Currently, Stable Diffusion is just a powerful AI image generator. Long-term plans go far beyond that.
Generative AI has been clearly on the rise lately: From text to image to text to HD video or text to 3D - AI systems can create more and more media formats, some of them fully automated. New models appear almost every week and are constantly being improved.
Moreover, generative AI tools are making it increasingly easy to digitize the real world. Relatively simple applications for PCs and smartphones use NeRF technology to generate a volumetric 3D scene from individual photos of an object or a room.
Building on current trends, one could argue that generative artificial intelligence will be a powerful driver for increasing digitization. It can significantly boost the quantity and quality of digital content. The ultimate tool would be a single model for creating many types of media that can be handled by professionals and non-professionals alike using natural language.
Stable Diffusion lead thinks an AI-generated Holodeck is doable in a few years
The comments made by Emad Mostaque, CEO of Stability AI, in a Reddit AMA should be seen in the context of the above thesis. Stability AI is the startup behind the open-source image AI Stable Diffusion mentioned at the beginning of this article.

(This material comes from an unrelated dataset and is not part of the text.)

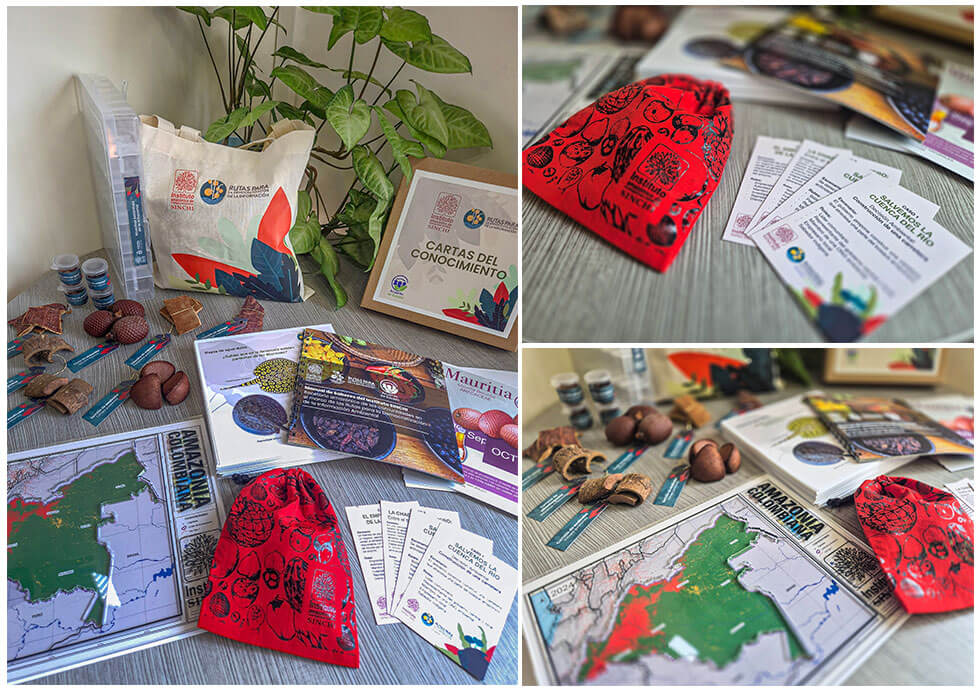 5. Muestras de frutos y cortezas Amazónicas: 1 Caja con semillas, frutos y cortezas secas representativas de la biodiversidad de la región, para la conexión sensorial y cultural con el territorio. (3 semillas de mauritia, 3 cáscaras de cacao, 3 semillas de andiroba, 1 corteza de chuchuguaza, 2 cortezas de andiroba, 2 cáscaras de copoazú, 1 corteza de achapo, semillas de asaí, fruto de asaí, semilla de cacao y semilla de copoazú).

Mostaque cites an experience similar to the Oasis from the VR science fiction film Ready Player One or the famous Holodeck from Star Trek as the goal for the company's generative AI models.
This AI system should continue to be open source so that anyone can "create anything they can imagine." This, he said, requires "full multimodality" in AI models, i.e. generative AI systems that are trained with many contents and data formats.
Mostaque says Stabililty AI is already in talks with game studios and other companies that have access to 3D data for data capture. "Yes, we'll be doing something like the Holodeck in a few years," Mostaque says when asked about generative AI for VR and gaming.
Midjourney CEO David Holz voiced similar thoughts not long ago. He expects AI-generated real-time video games to emerge in ten years. Recently, a developer gave a taste of how Stable Diffusion might be implemented in VR worlds.
Mostaque hints at better models and possible copyright solution for Stable Diffusion
In the near future, Mostaque announced more significant improvements for Stable Diffusion. Stability AI is currently training models with billions of parameters, which will then be optimized.
"You can think of this like bulking and cutting as we then optimise them. I personally expect models to run on the edge in future at way above MJ v4 or DALLE 2 quality. Future being next year or two," Mostaque says.
The CEO also addresses criticism of the current model, which uses copyrighted data for AI training. This allows it to generate images in the style of renowned artists, if their names are included in the prompt. It works the same way with the competitors DALL-E 2 and Midjourney.
"We are working on fully licensed datasets plus opt-out mechanisms for future model development that we do and support. We will make some announcements about this soon. It should be noted that these models are unlikely to 'mature' for the next year so will get upgraded regularly," Mostaque says.
According to Mostaque, Stability AI is also in discussions with governments about open-source datasets and models, and is working on international AI education initiatives.